Think her husband is crazy.

“Of course it comes as a surprise to others, but I believe in my wife and I always tell her that I know she is capable of greater things,” he said Tuesday in an interview in French, often accompanied by a congratulatory slap on the back Handshakes were interrupted by other players and coaches.

“Tatyana is a warrior,” he continued. “From the first point to the last point, from January 1st to December 31st, she does not give anyone a free point. That’s her strength, but she can also put everything in perspective because we have the family.”

Maria is the first mum to make it this far at Wimbledon since Serena Williams, another Palm Beach Gardens resident, reached the final in 2019. But Maria toured with a child in tow long before Williams, whose daughter Olympia 4 Maria exchanged tips when Williams returned from the tour this year aged 40 after almost a year’s absence to play at Wimbledon.

“When Serena arrived, I told her the crib was already open because she didn’t know, and her little one went there,” Maria said. “It’s great that Serena is still playing tennis with a kid.”

Maria said her main role model as a tennis-playing mother is Kim Clijsters, the Belgian who is now permanently retired but has won three Grand Slam singles titles after giving birth to daughter Jada in 2008.

“I was one of the first after Kim,” Maria said. “She was my inspiration and I hope I can maybe be an inspiration to others.”

Clijsters, 39 and now a mother of three, watched at Wimbledon on Tuesday. “Amazing to see,” she said of Maria’s unexpected success.

The Marias travel the world but don’t have to leave home to be international.

At home, Tatjana Maria speaks German with her children and Charles-Edouard, a former French professional who played on the satellite tour, speaks French. His mother, a frequent visitor, speaks her native language, Spanish, to her grandchildren while Charlotte is enrolled in an online academy whose primary language is English.

“Charlotte speaks four languages,” said Charles-Edouard Maria.

She is also a promising and enthusiastic tennis player, being coached primarily by her father but also being a frequent training partner for her mother. She even warms them up before games, albeit not at Wimbledon this year. Surprisingly, her frequent training sessions haven’t just helped Charlotte’s game.
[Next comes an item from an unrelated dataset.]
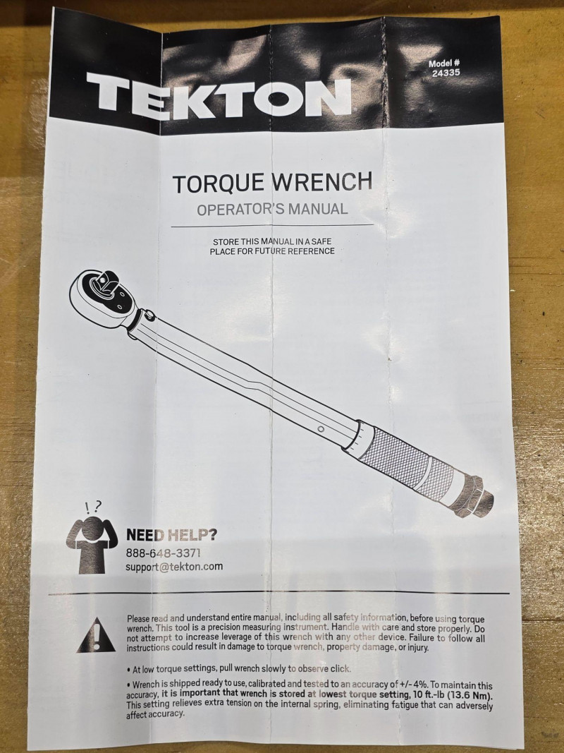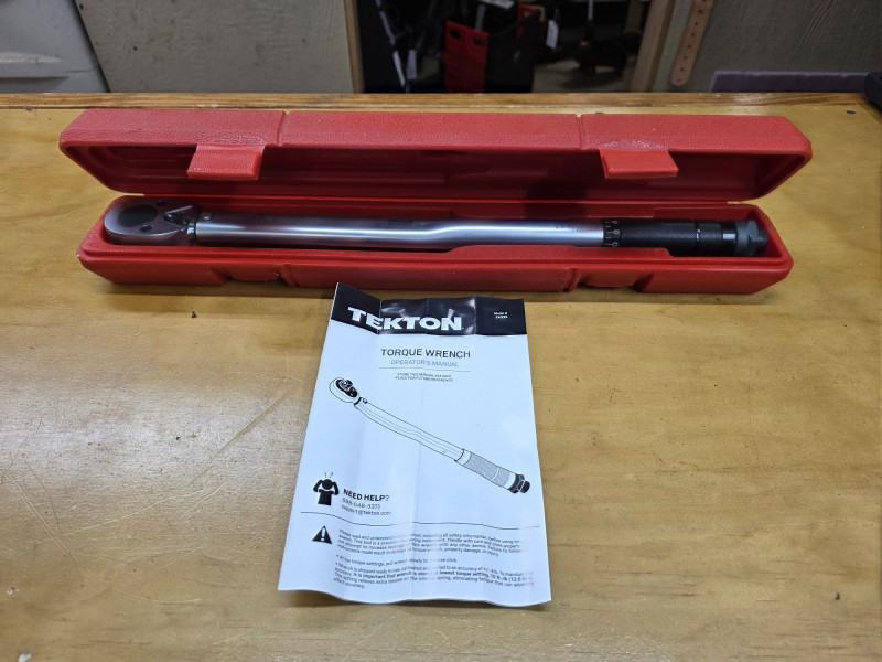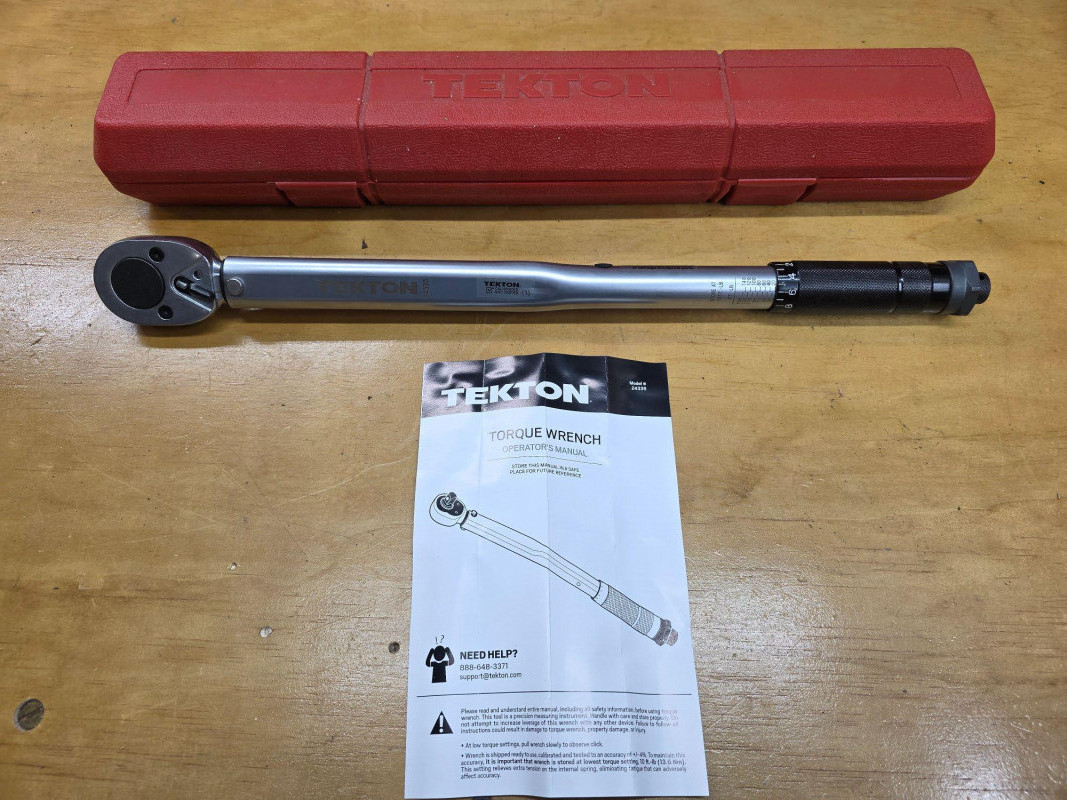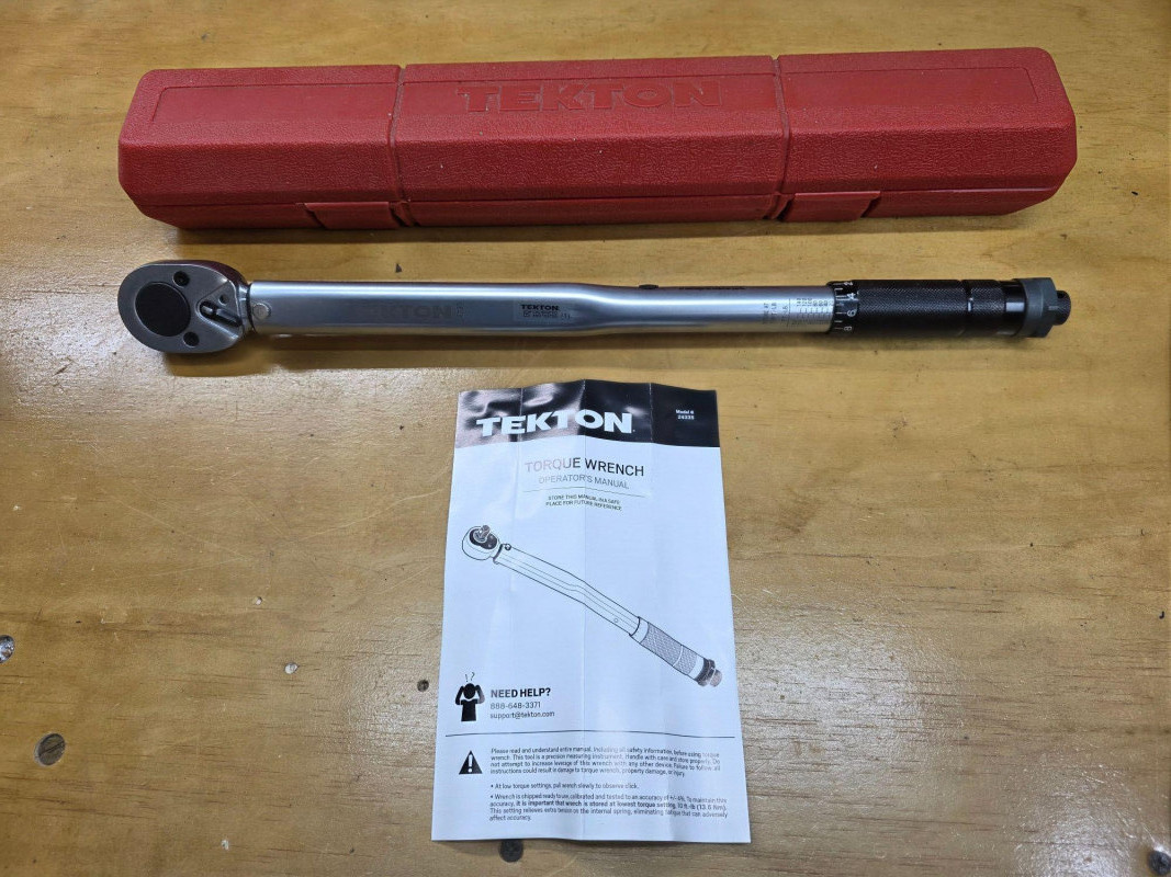 TEKTON 1/2-Inch Drive Click Torque Wrench Model #24335 Drive Size: 1/2-inch drive. It has a dual-range scale of 10-150 ft.-lb. and 13.6-203.5 Nm. The wrench features durable all-steel construction with no plastic parts. It emits a "click" sound and feeling when the preset torque value is reached. It is calibrated to an accuracy of +/- 4%. The high-contrast scale is designed to be easy to read, even in low light conditions Appears to be in new to like new condition! Includes case and instructions 18.5"L

“We have a place in the house and Tatjana trained with her every day during the lockdown and the pandemic,” said Charles-Edouard. “And it was really a plus for Tatjana’s game because by showing things to Charlotte she had to go back to basics and that refreshed her game and she built on that. That’s one of the reasons why she’s playing much better than before.”

Maria won a WTA 250 event in Bogotá, Colombia on clay that season: her second singles title on the Main Tour. The other came on grass in Mallorca in 2018, which was a foreshadowing for this Wimbledon.

She has a strong, relatively flat first serve, and her ability to hit hard sliced ​​shots off either wing keeps the ball particularly low on grass. That makes it harder for opponents to attack, and Maria defused some tough opponents here, upsetting three seeded players: No.26 Sorana Cirstea of ​​Romania, No.5 Maria Sakkari of Greece and No.12 Jelena Ostapenko of Latvia.

Niemeier, making her Wimbledon debut, also had large and varied arms, although she only finished 97th. Watching her wrestle all courts with Maria often felt like stepping into a tennis time machine, with both players chipping and charging the net and Niemeier frequent overhead serves, volleys and smacks as Maria throws towering, often throwing beautifully placed lobs.

Niemeier appeared to be in command, taking a 4-2 lead in the decider, but Maria kept fighting and improvising on the run to close the gap. She saved a break point at 5-5, then held at 6-5 after a scrambling point that earned a standing ovation from much of the crowd. She broke Niemeier’s serve to end her most significant win.

A few hours later, Jabeur closed her own at Wimbledon. Next up: a surprise semi-final against her BBQ buddy.

“She’s one of those role models I wish players would look up to,” Jabeur said of Maria. “Because she really suffered to play in the Grand Slams and win rounds and now look at her. A Wimbledon semi-finalist after giving birth to two babies. It’s a really amazing story.”